What is the rationality fault of throttle pedal 1 and throttle pedal 2 signals?
2 Answers
According to the fault symptom analysis, the unresponsive throttle is caused by the fault code P213564, which indicates a rationality fault between throttle pedal 1 and throttle pedal 2 signals. Here is the relevant information: Data reading: Read the engine data stream and analyze the voltage difference between throttle pedal 1 signal and throttle pedal 2 signal. It was found that the throttle pedal signal voltage is normal. Accelerator pedal: The voltage of accelerator pedal 1 signal is 0.8V, and the voltage of accelerator pedal 2 signal is 0.4V. The two signals maintain a proportional relationship, which is normal. However, the ECU still reports the fault code and it cannot be cleared. Throttle response: When attempting to accelerate via the pedal, both signals change synchronously and maintain the proportional relationship, but the fault code still cannot be cleared. The inability to clear the fault code means the vehicle cannot be delivered to the customer, so a thorough investigation of this fault point is necessary.
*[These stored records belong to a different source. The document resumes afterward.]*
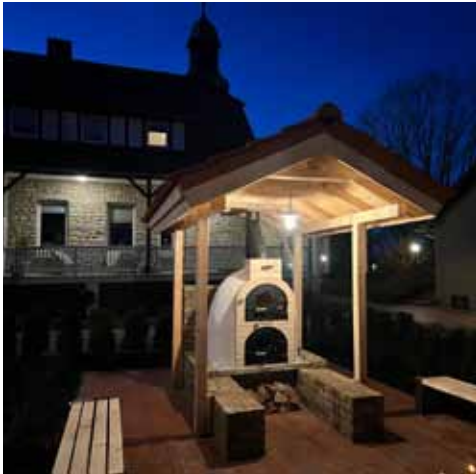
Teil des Projektes ist ein kleines Backhaus

im ländlichen Raum anknüpft. In Gemeinschaftsaktionen können nun Brote oder auch Pizza gebacken werden. Dafür hat sich ein Backhaus-Team gebildet, dem schon 20 Freiwillige angehören. Als weiterer Bestandteil des Gesamtvorhabens wird im kommenden Frühjahr die Neugestaltung des Geländes am offenen Pavillon nach ökologischen Gesichtspunkten abgeschlossen.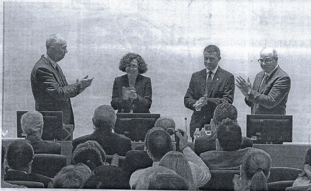
El acto tuvo lugar en el Salón de Grados del campus universitario de nuestra ciudad.

Además, defendió que los dos decanos ya trabajan conjuntamente para, por ejemplo, la ampliación de las infraestructuras. Sobre este particular, concretamente aludió a que se está viendo la posibilidad de incrementar los espacios utilizando la parte superior de los garajes para el establecimiento de unos laboratorios destinados a la Facultad de Ciencias de la Salud. También, entre las previsiones de la Universidad de Granada en relación con el campus de Ceuta, se encuentra la negociación de dobles grados y en este punto concreto, la rectora dijo que se haría con Facultades extranjeras "lo que sería muy interesante para nuestros alumnos" y en tercer lugar, el establecimiento de un nuevo Máster en el campo de la Educación. Tampoco descartó encontrar un salida en el caso de los estudios de Informática y Administración de la Empresa o la petición que le hizo el presidente de la Ciudad cuando mantuvieron hace un mes un encuentro, en relación con la creación de un nuevo grupo en Enfermería.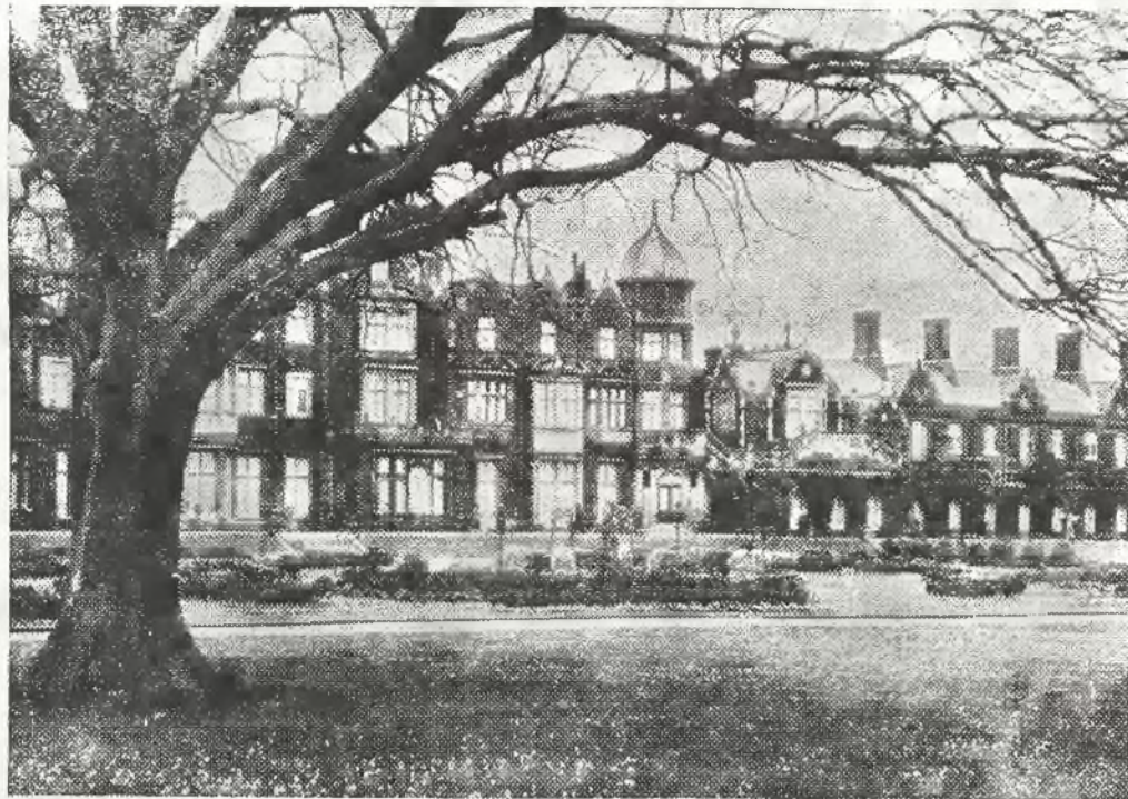
Zamek w Sandringham

Recently, I've been frequently researching this throttle pedal signal malfunction, which primarily occurs in electronic throttle systems. Modern vehicles typically have two position sensors monitoring the pedal angle, designed with safety redundancy in mind to avoid single-point failures. If the two signals show unreasonable mismatches, common causes include sensor drift, physical wear or contamination leading to reading discrepancies—such as dust accumulation causing poor sensor contact. It could also be due to wiring shorts, open circuits, or connector corrosion from moisture; or an ECU software bug causing calculation errors. Symptoms usually include the dashboard warning light illuminating, sluggish or sudden jerky responses when pressing the accelerator, affecting driving smoothness. I recommend first using an OBD scan tool to read the fault codes and locate the problematic area. Typically, cleaning the sensors or replacing components is required. Ignoring the issue may escalate into more severe failures like engine stalling. Regular maintenance checks on such electronic components can reduce the likelihood of occurrence—safety first!